Ce fut d'épuisement que je finis par lâcher mon arme et me laissa tomber au sol. Le regard fixé sur la créature, qui restait indéniablement immobile, je tentais de reprendre des forces. Je m'attendais presque à voir le sol s'ouvrir sous mes pieds ou a entendre arriver des soldats en armes… Mais non. Cette fois, tout resta calme, immobile et silencieux. Après de longues minutes de répits, je me persuadais enfin qu'aucune nouvelle mésaventure allait me tomber dessus. Je repris doucement des forces et me relevai en prenant le temps d'observer les lieux. La cavité faisait tout au plus une dizaine de mètres de diamètre et était étrangement circulaire pour une grotte naturelle. Aucune idée de ce que cette salle pouvait être, mais il était évident que les théories sur l'usage des puits étaient mises à mal. Ce n'était pas, de toutes manières, ma préoccupation actuelle. Je ramassai mon sac, puis je sortis ma « lance » du cadavre de la pieuvre. Le manche de bois restait solide et finalement l'objet était semblable aux lances de bois avec lesquels je m'étais entraînée plus jeune. Je fis un tour rapide de la grotte poussant du pieds les carcasses dévorées par l'ancien habitant des lieux, à la recherche de la moindre chose utile, avant de finalement remarquer une ouverture.
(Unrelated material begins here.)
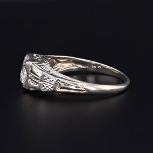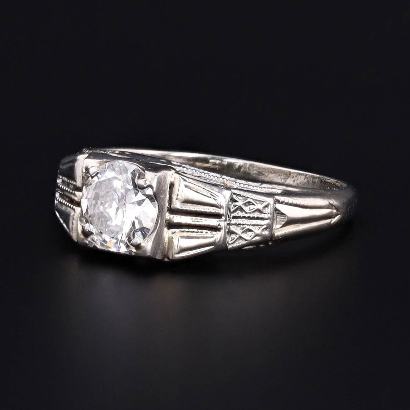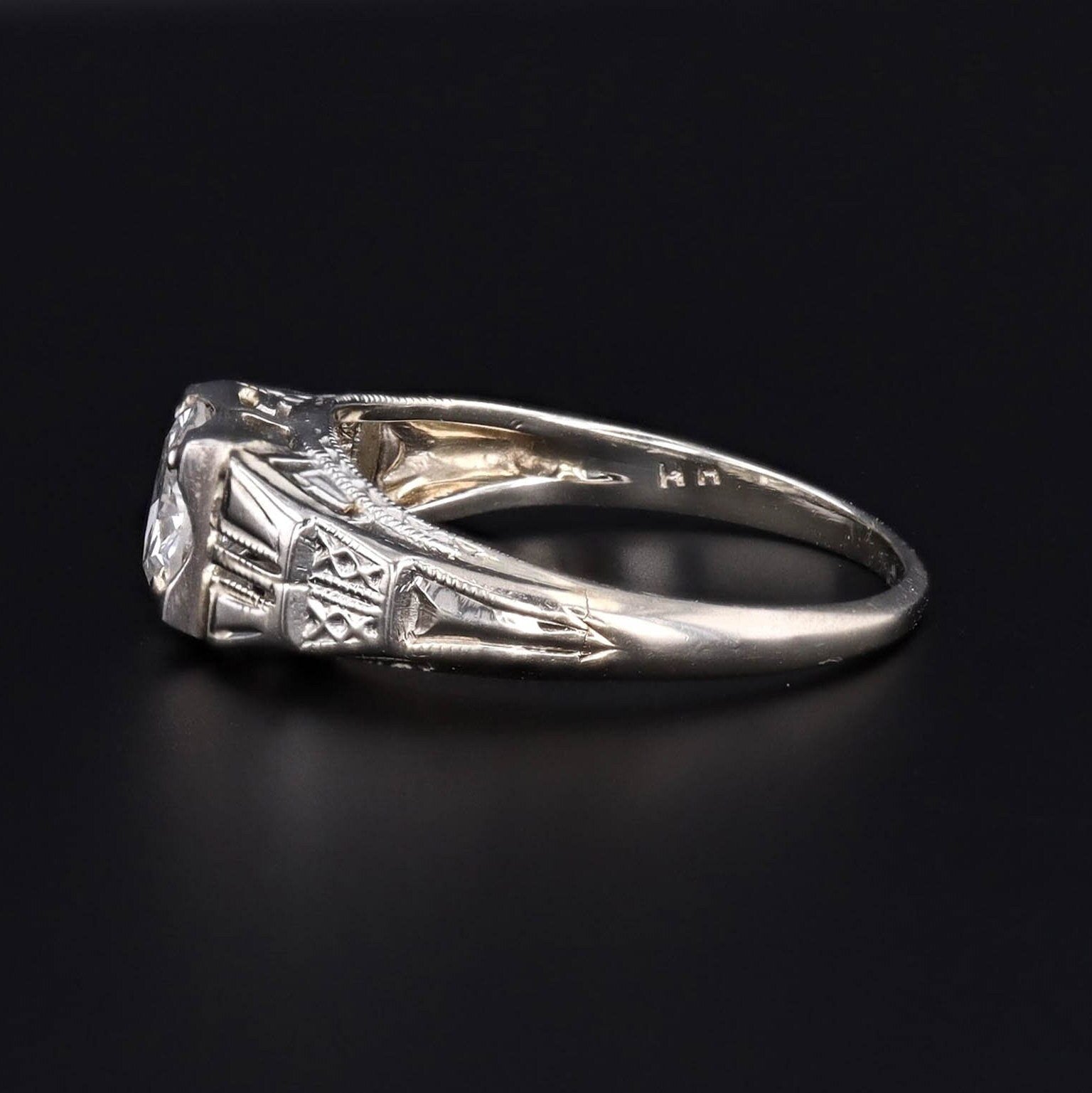 A striking blend of geometry and grace, this authentic Art Deco engagement ring (circa 1920s–1930s) showcases a beautifully proportioned 0.63 carat old European cut diamond nestled within a finely detailed openwork mounting. The linear, architectural design—crafted in richly toned 14K white gold—epitomizes the bold sophistication of the Jazz Age.

Je me précipitai à travers la brèche faisant rouler quelques rochers derrière moi, escaladant un petit monticule de gravats. Arrivée au sommet, je détournai le regard ébloui par l'inquiétante lumière du jour. Devant moi, se dressait une faille, semblable à une cicatrice. Au-delà, on pouvait voir le sable bleu et le ciel éclatant du désert. Je sortis en relevant mon chèche pour me protéger du soleil tout en plissant les yeux pour tenter de voir à travers la lumière qui m'entourait.
Derrière moi, se dressait la montagne et devant moi l'inconnu.